You had made that clear previously and I restated it in the original
"Attack!" message where I said, "I'm of course not doing
so to "win" anything, but to illustrate a point..."
>It attacks a particular piece of code written in E,
I think the attack is doing a bit more than attacking a particular
piece of code written in E. As you may have noted there is no
reference to the E code in the attack I believe the attack is
probing somewhat deeper, perhaps as much into the notion of
a membrane, but I hope also at the basic notion of capabilities.

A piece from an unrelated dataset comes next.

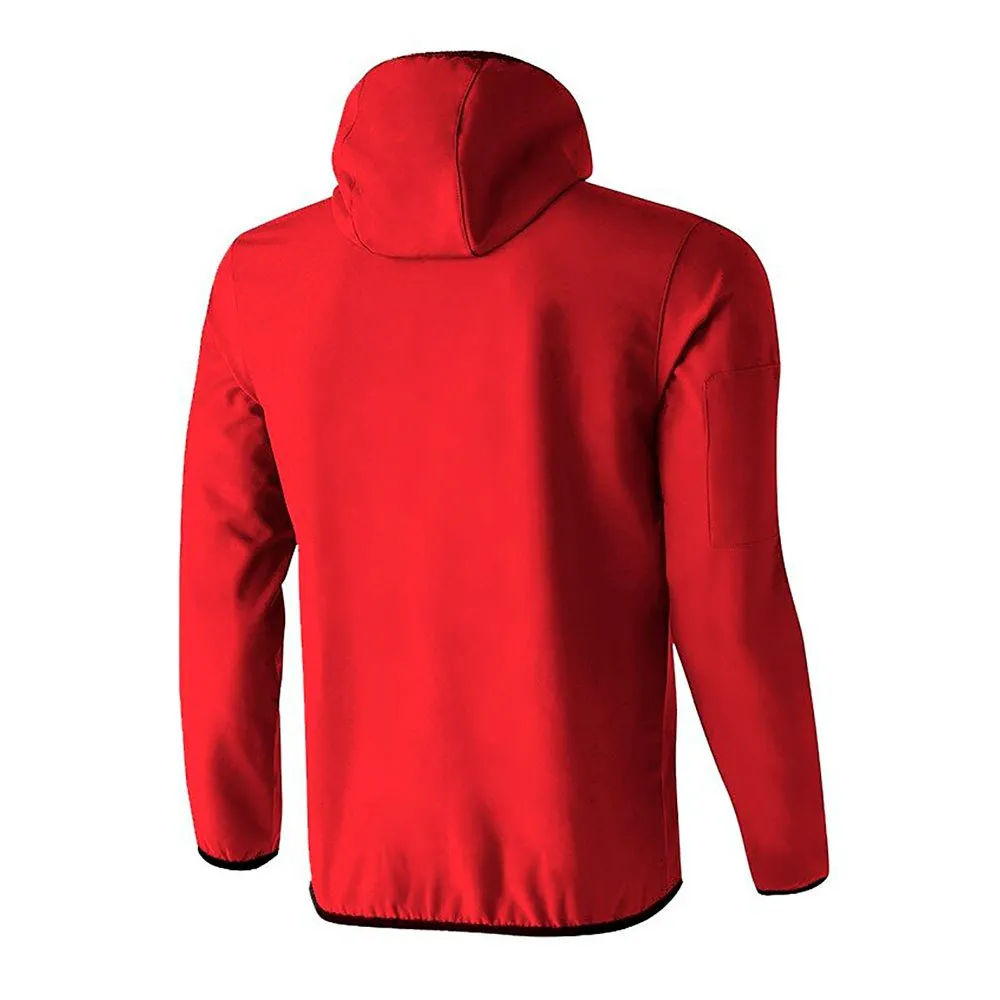Chaqueta técnica softshell unisex con capucha en color rojo.

>but no one has claimed that you can't write insecure
>code in E. The prize is for showing a failure of language based control
Right. This attack has nothing to do with the issue of language
based enforcement of rights. It just occurred to me when I saw
MarcS's "membrane" implementations for his class.

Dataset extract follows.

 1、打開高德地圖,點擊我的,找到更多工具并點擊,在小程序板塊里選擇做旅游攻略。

>Second, I don't think Jed's attack is valid. The critical flaw in the
>argument is that Bob "independently has a capability to the SN server".
>This capability (SNC) is a hole in the membrane. It effectively puts
>the SN server inside the membrane for FMCfoo and outside for SNC.

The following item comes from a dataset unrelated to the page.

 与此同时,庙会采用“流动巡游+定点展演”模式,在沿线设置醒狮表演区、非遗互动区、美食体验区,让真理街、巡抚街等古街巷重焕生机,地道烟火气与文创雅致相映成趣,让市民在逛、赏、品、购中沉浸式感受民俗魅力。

>Straddling the membrane in this way defeats the whole purpose of
>building a membrane in the first place.
I don't agree. The above is somewhat like the argument that David
Wagner raised. Please see my responses to his message. If
membranes are only effective when a destination for a revokable
membrane capability is confined by the source of membraned
capability then I would say that membranes have very limited
>You've got to be careful even if references to the SN server pass
>through the membrane. For example, passing SNC to David via a different
>membrane can allow Bob to violate revocation. I believe you've got to
>have a different SN server for each membrane in order to be able to
>permanently revoke an authority.
I'm glad at least that we're having this discussion. If somehow the
nature of the revocable rights that are passed to Bob or other rights
that Bob has can invalidate the revocability of capabilities passed through
a membrane then at least it seems to place what seem to me
severe limits on what on can expect of a membrane and perhaps
even revocable capabilities in general. It also seems to suggest
something about the way people are thinking about communicating
revocable rights. That is the thinking seems to be not in terms of
communication to mutually suspicious processes but instead to
processes that are otherwise constrained - e.g. they can't have
other rights (such as SN) and perhaps even must be effectively
confined. That is very far from what I understood the membrane
concept to mean, so I'd like to reach consensus on that topic.